- AUD/USD gains some positive traction on Wednesday, albeit lacks follow-through.
- The risk-on impulse benefits the Aussie; a modest USD strength caps the upside.
- The fundamental backdrop supports prospects for a further depreciating move.
The AUD/USD pair struggles to capitalize on its modest intraday gains on Wednesday and faced rejection near the 0.6700 round-figure mark. The pair, however, sticks to a mildly positive bias through the early European session and is currently trading around the 0.6675-0.6680 region, just above the 100-day SMA support.
A goodish recovery in the global risk sentiment - as depicted by the upbeat tone around the equity markets - is seen as a key factor lending some support to the perceived riskier Aussie. That said, the emergence of some US Dollar buying keeps a lid on any meaningful upside for the AUD/USD pair and warrants some caution for bullish traders.
The USD draws some support from a modest uptick in the US Treasury bond yields, bolstered by the Fed's hawkish outlook. In fact, the US central bank indicated that it will continue to raise rates to crush inflation. Furthermore, the Bank of Japan's policy tweak, which triggered a sell-off in bond markets on Tuesday, act as a tailwind for the US bond yields.

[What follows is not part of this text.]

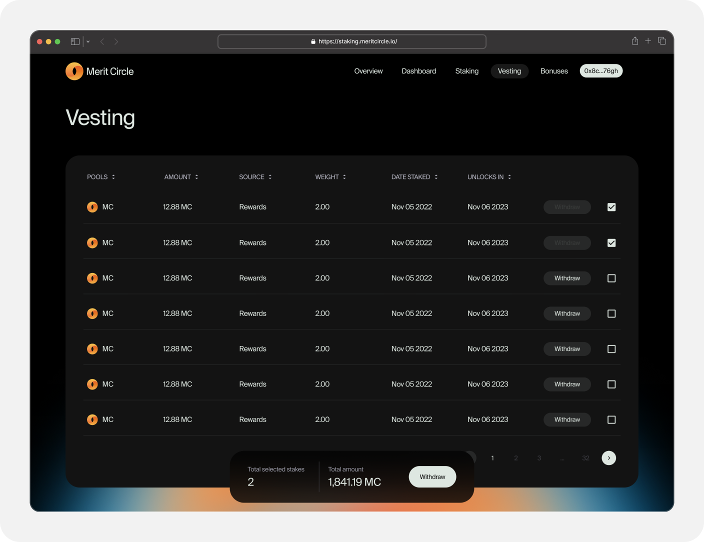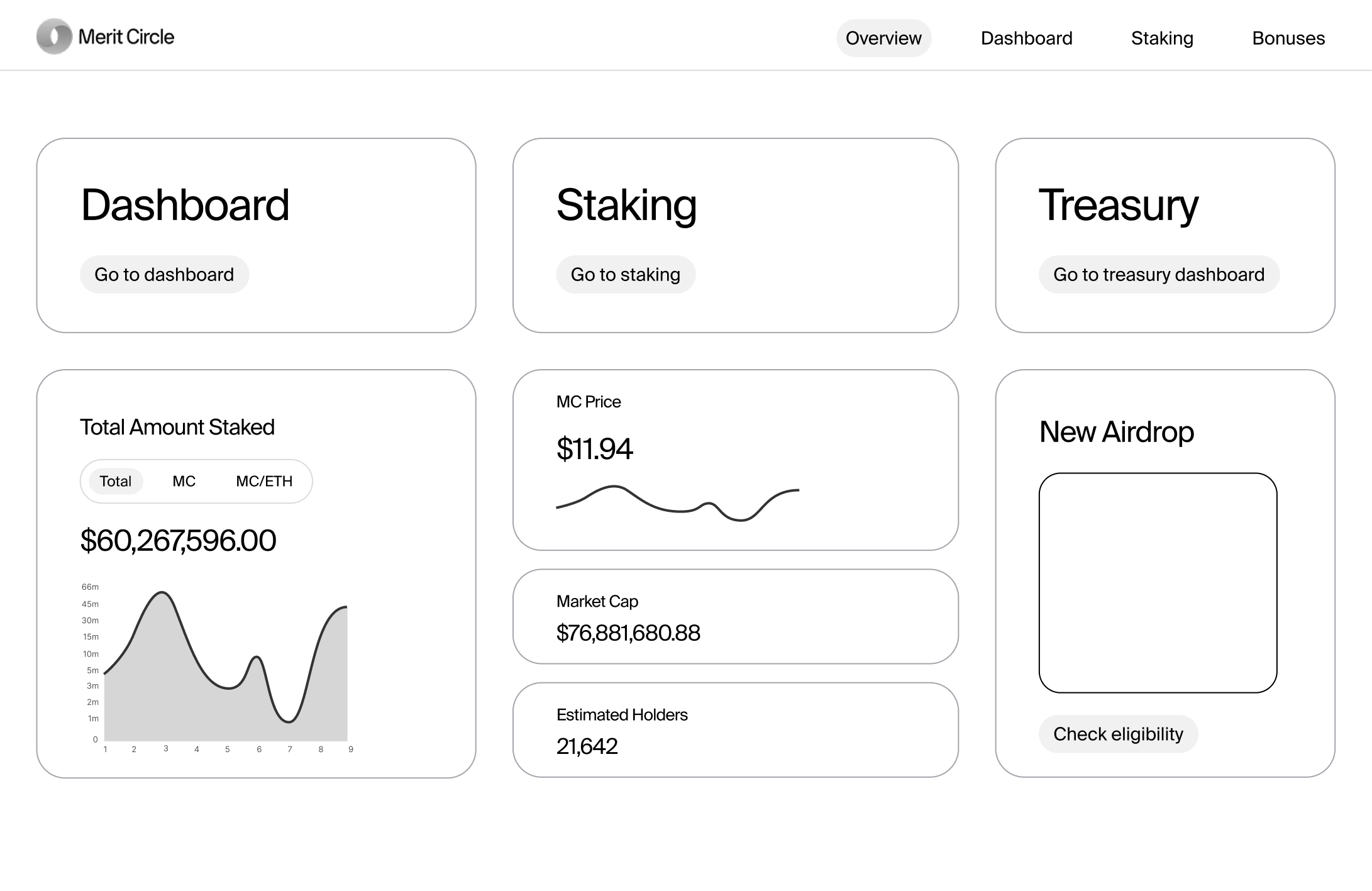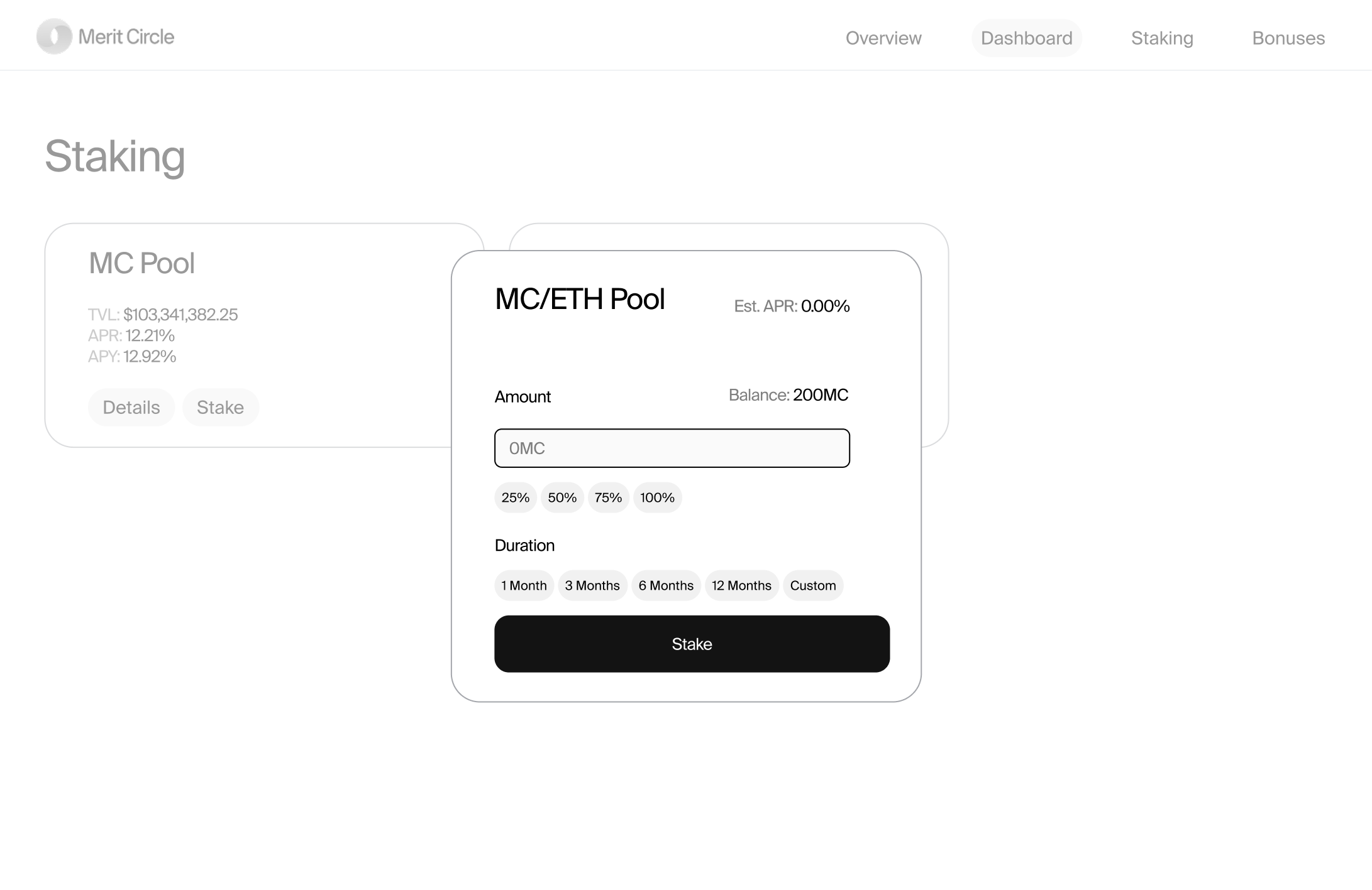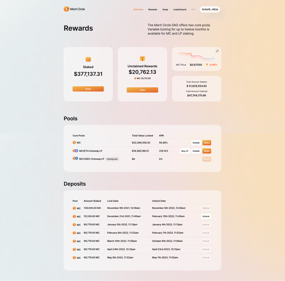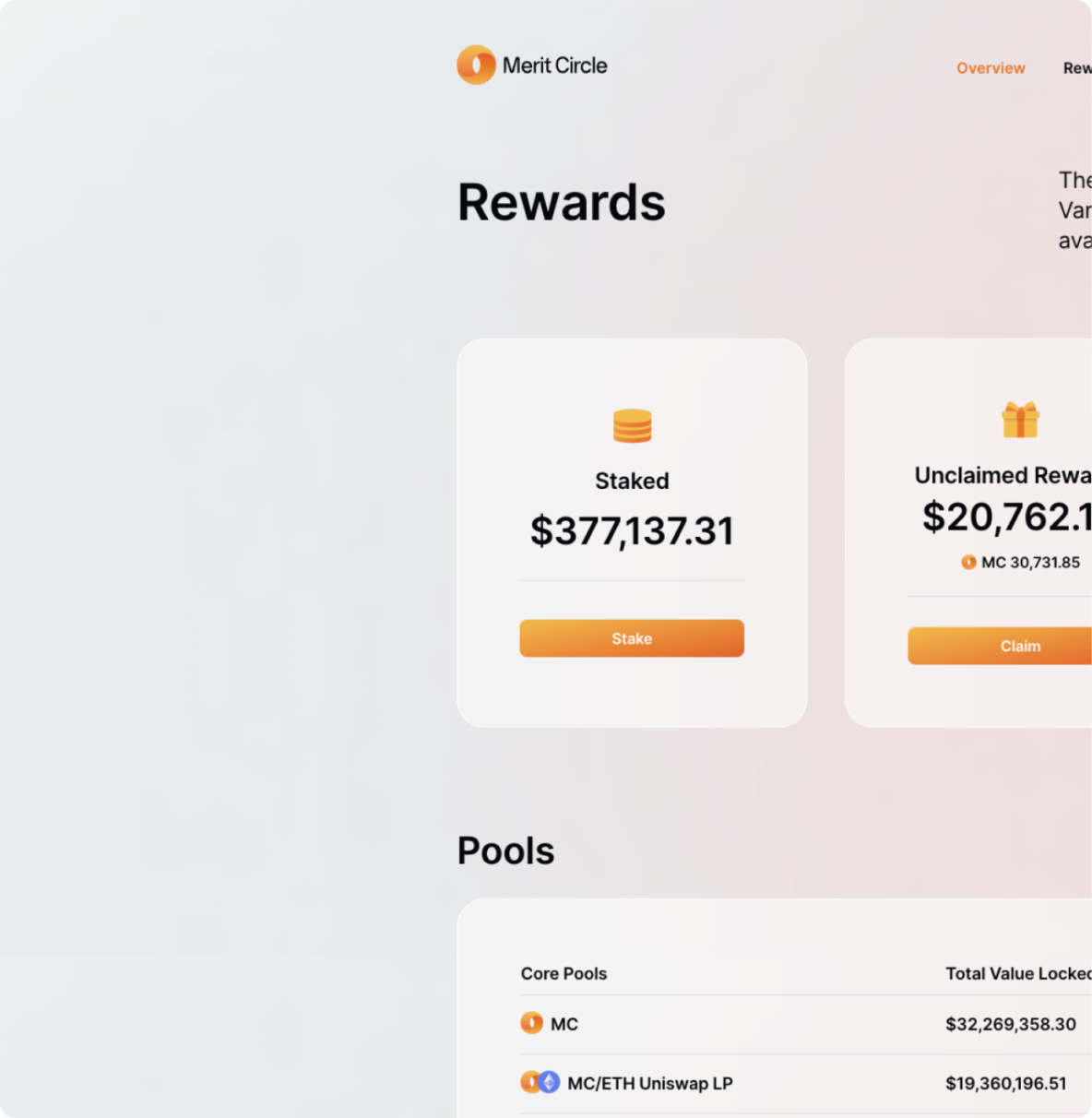The staking page introduces users to the available staking platforms that will give them the freedom to stake within Merit Circle's ecosystem. Users can effortlessly evaluate all the lists of pools that are ready for staking MC tokens, and determine the best staking options from this list to increase their staking profits.

Apart from this, worries about rising COVID-19 cases in China contribute to capping gains for the AUD/USD pair. This, along with dovish Reserve Bank of Australia (RBA) minutes released on Tuesday, showing that policymakers considered leaving rates unchanged at the December meeting, suggests that the path of least resistance for spot prices is to the downside.
Market participants now look forward to the US economic docket, featuring the release of the Conference Board's Consumer Confidence Index later during the early North American session. Traders will further take cues from the US bond yields and the broader risk sentiment, which will influence the USD price dynamics and provide some impetus to the AUD/USD pair.